Comedy gold, right? It’s funny because the AI seems completely oblivious to what’s going on. But it’s a function of the fact that it’s actually pretty smart.
GamesBeat: It detected something, but it didn’t react quite right.
Ellert: It detected something, and it’s responding in the way that it can. But the ways it can, that can’t be everything. Because it’s so high-fidelity, people laugh at it or expect it to behave like a person. Which it isn’t, thank God.
GamesBeat: Are these things that can be picked up and dropped into something else? It seems like that’s what you’d do with a person. Pick them up and put them in another situation.
Ellert: We move them around between levels. That’s the way we build the loose targets. We take bodyguards and assign them to a new VIP. Then all of their bodyguard behavior runs normally. We can totally do that.
GamesBeat: It seems like you guys are having fun experimenting with where the borders are.
Ellert: And just having fun seeing what our players do with it all. The whole jack-in-the-box situation in a pile of bodies that I was mentioning, it’s hilarious. And the great funny abuses of our systems. This is something Hitman has always done. It’s always been about finding the glitches and the bugs and having fun with them. We’re just embracing that.
GamesBeat: Is this in some way going to guide you for future episodes?
Ellert: Absolutely.

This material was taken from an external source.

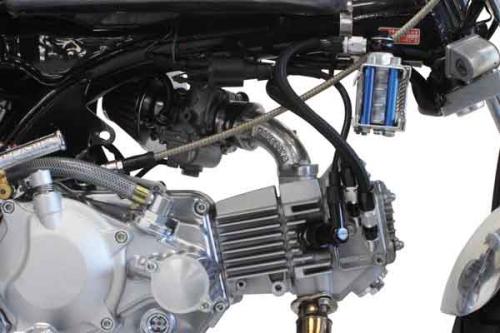 オイルクーラー本体はオイルクーラーステーとクランプバンドを使用し、フレーム下に固定します。段数とオイルライン数:3フィン4オイルラインオイル取出し口は対象シリンダーヘッドのR.サイドカバーをオイルクーラーユニットに変更し、シリンダーヘッドからオイルを取出します。■ブレードホース #4小型車に最適な外径Φ11mmサイズを採用したナイロンブレードホースです。又、内径Φ5.6mmを採用している為、オイルポンプへの負担を軽減します。ナイロンブレードホースは軽量で柔軟性がある為、取回しの自由度に優れております。装着時、ブラックブレードホースが車両を引き締めます。■コンパクトクール本体クーラー本体は冷却効果に優れたコンパクトクールを採用。オイルクーラーを取付けることで、エンジンボアアップに伴う油温上昇を抑えることが出来ます。オイルクーラープレート、ガードが標準装備。■注意事項タペットキャップブリーザーパイプとの同時装着が出来ません。モンキー(インジェクション車)には取付け出来ません。取付けにはフレームに溶接されているハーネス用リングを曲げるか切り取りが必要です。オイル量は通常規定オイル量に3フィン:約40ccを追加して下さい。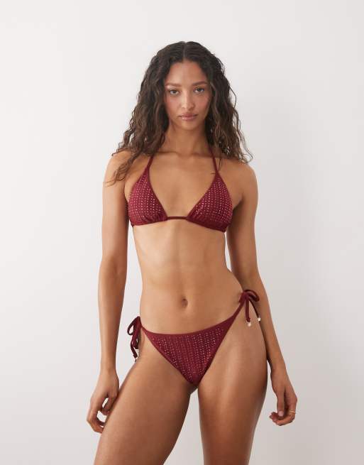 River Island hotfix triangle bikini top and tie side bikini bottoms in red

We see what people do, and sometimes we see things that are really broken. Certain explosives don’t do enough damage to kill people, for example, but they do have a very high impulse effect, so they can physically push people. That will sometimes bounce people out of bounds — off a cliff, say, down to a place where there is no nav mesh. And then we’re off to the races, because everything breaks. We’ll fix that, because it would break the game. But otherwise we just want to embrace the fun and the craziness.